◆ WHAT THE TASK ASKS
Only one stretch of the data should be retyped: the lines from the line containing "Площадь 142 кв." through the line containing "Мишура №10/H11 серебро с малиновой звездой". Keep pictures out of it.

◆ DATASET RECORDS
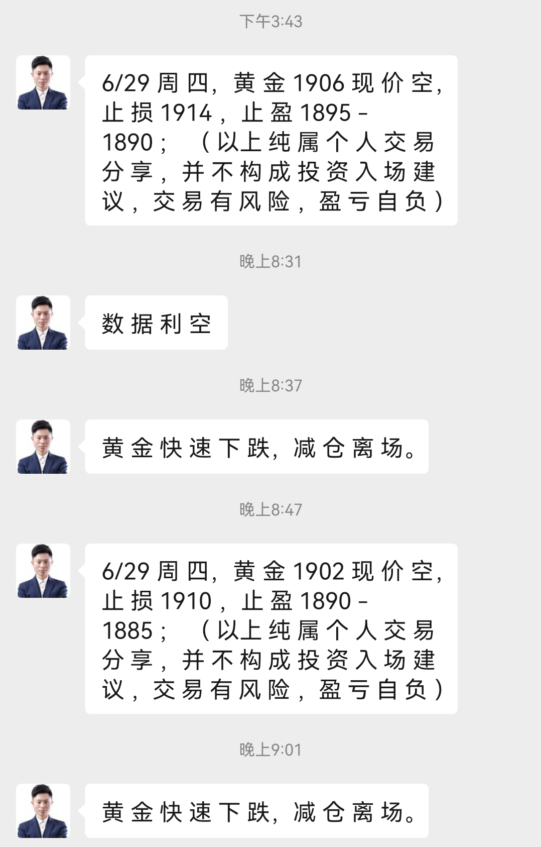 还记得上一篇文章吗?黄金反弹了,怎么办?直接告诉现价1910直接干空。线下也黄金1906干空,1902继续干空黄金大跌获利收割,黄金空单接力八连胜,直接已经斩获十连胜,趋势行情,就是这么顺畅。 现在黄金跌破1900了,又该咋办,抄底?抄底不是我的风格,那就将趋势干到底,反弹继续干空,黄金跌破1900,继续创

---

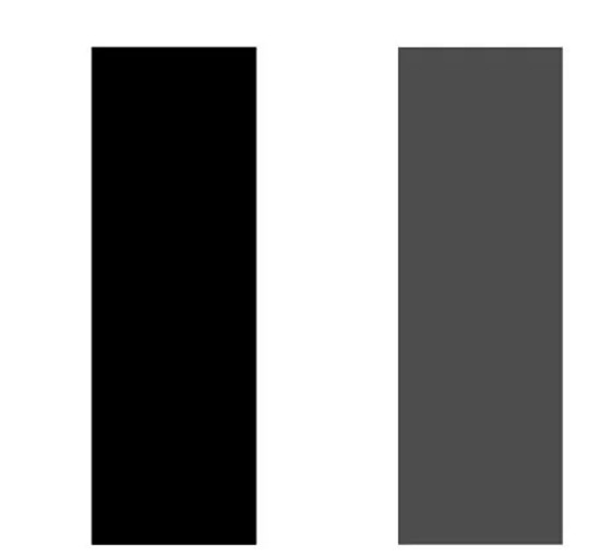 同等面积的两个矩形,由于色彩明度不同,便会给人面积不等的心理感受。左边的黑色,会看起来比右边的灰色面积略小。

---

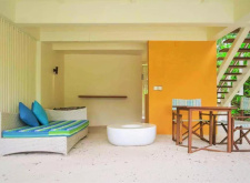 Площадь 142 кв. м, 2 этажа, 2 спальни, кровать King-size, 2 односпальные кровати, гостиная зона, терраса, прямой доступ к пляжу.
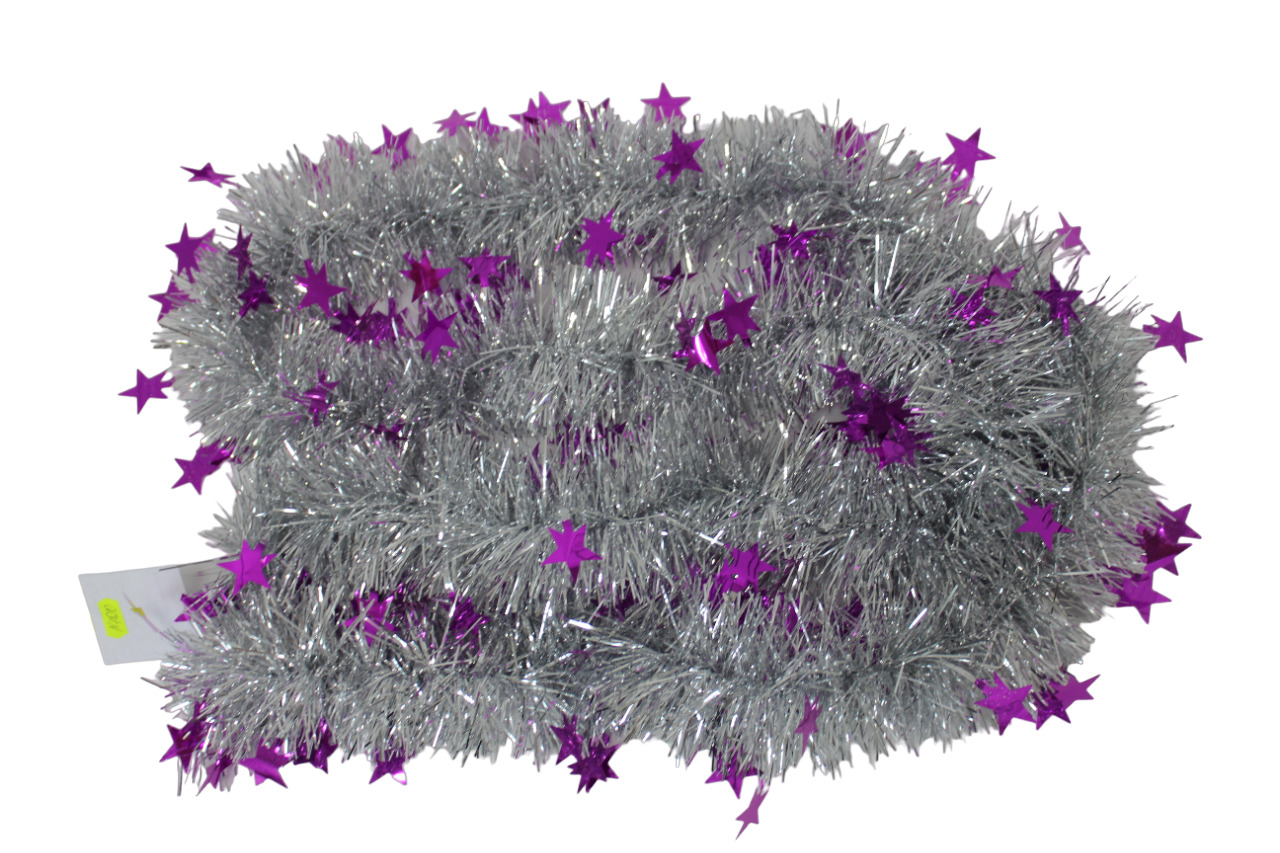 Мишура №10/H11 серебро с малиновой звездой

◆ TASK SOLUTION
 Площадь 142 кв. м, 2 этажа, 2 спальни, кровать King-size, 2 односпальные кровати, гостиная зона, терраса, прямой доступ к пляжу.
 Мишура №10/H11 серебро с малиновой звездой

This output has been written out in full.